Sun, Apr 07, 2019 - Page 5 News List

Nine held in renewed Saudi crackdown

‘HELL-BENT ON SILENCING’:Three women granted temporary release were made to pledge not to speak with the media amid allegations of abuse while in detention

AFP, DUBAI, United Arab Emirates

Saudi Arabia has arrested at least nine writers and academics, including two US citizens, in an apparent crackdown on supporters of detained women activists whose trial has drawn global censure, campaigners said on Friday.

News of the arrests came the morning after US lawmakers voted to end military support for a Saudi Arabian-led war in Yemen.

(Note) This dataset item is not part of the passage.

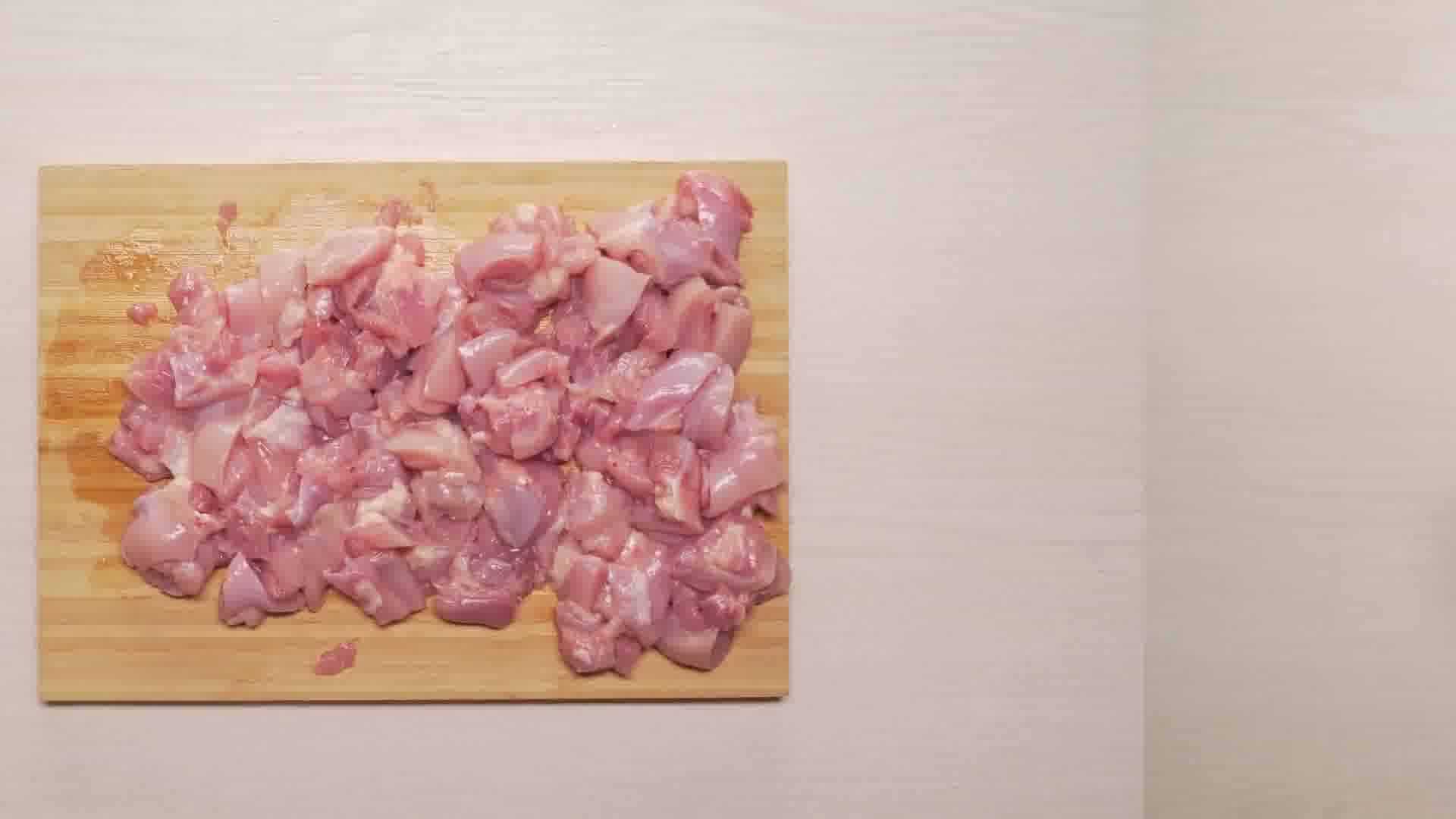 Куриное филе нарежьте тонкими полосками или квадратными кусочками. Если используете целую тушку, порубите ее таким образом, чтобы кусочки были примерно одинакового размера.

It also marks the first major crackdown since the brutal murder of journalist Jamal Khashoggi inside the Saudi Arabian consulate in Istanbul in October last year.

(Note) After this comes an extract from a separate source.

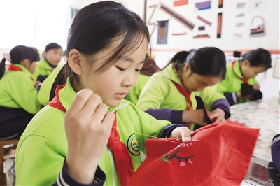 11月13日,在贵州省黔东南苗族侗族自治州施秉县杨柳塘镇中心小学,学生在苗绣课堂学习刺绣。近年来,贵州省黔东南苗族侗族自治州施秉县不断培育和打造苗族刺绣特色产业,引进特色民族文化加工企业,形成集“研、产、销”和旅游观光于一体的苗族刺绣产业链,并采取“公司+实训+农户”的模式,实现线上线下销售,2000余名苗族妇女在家门口就业增收。同时,施秉县还不断加强非遗文化的传承,让当地的孩子们从小接触这一传统技艺,使大山里的“非遗”焕发出新的生机。 新华社发(袁福洪摄)

Campaigners identified the US-Saudi Arabian dual nationals as writer and doctor Bader al-Ibrahim and Salah al-Haidar, the son of Aziza al-Yousef — a high-profile activist who was temporarily released last week, but remains on trial along with other women campaigners.

The roundup started on Thursday, a day after the 11 women — some of whom accused interrogators of torture and sexual abuse — returned to court to face charges that include contact with foreign media, diplomats and human rights groups.

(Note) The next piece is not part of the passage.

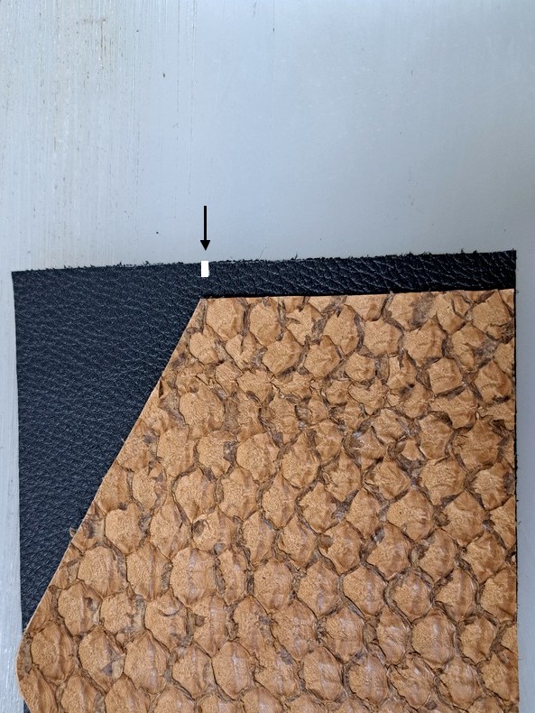 Avant collage, marquez un point de repère sur le cuir principal :

London-based rights group ALQST identified eight arrested writers, bloggers and academics — including a pregnant woman — adding that the crackdown was linked to their support of female activists on trial.

Another public academic, university lecturer Anas al-Mazrou, was detained last month after he expressed solidarity with the detained women during a panel discussion at the Riyadh book fair, it added.

Prisoners of Conscience, a Saudi Arabian group that tracks political prisoners, put the number of people arrested at 10.

A US Department of State official confirmed that two US citizens were arrested, but refused to give more details due to “privacy considerations.”

Many of those arrested face travel bans, campaigners said.

“Saudi authorities seem to be hell-bent on silencing anyone who dares to speak up or even voice their opinions privately and publicly,” Amnesty International Middle East campaigns director Samah Hadid said. “This goes beyond just attacking activists and now seems to target different segments of society. This is a dangerous pattern.”

“What is disturbing about new Saudi arrests is that waves of arrests keep moving from most-known to successively lesser knowns,” activist Nora Abdulkarim said on Twitter. “Another confusing aspect is timing, leaves one asking: ‘why now?’”

Riyadh has faced pressure from major Western powers to release the women on trial. Three of them — activist Aziza al-Yousef, blogger Eman al-Nafjan and preacher Rokaya al-Mohareb — were granted temporary release last week.

Before their release, the women and their bail guarantors were made to sign a pledge that they would stay away from the media, multiple people with access to the trial said.

The siblings of one of the prominent detainees, activist Loujain al-Hathloul, this week said they were being pressured by people close to the Saudi Arabian state to stay silent over her treatment in detention.

The next hearing, which foreign media and diplomats are barred from attending, is scheduled for April 17, activists said.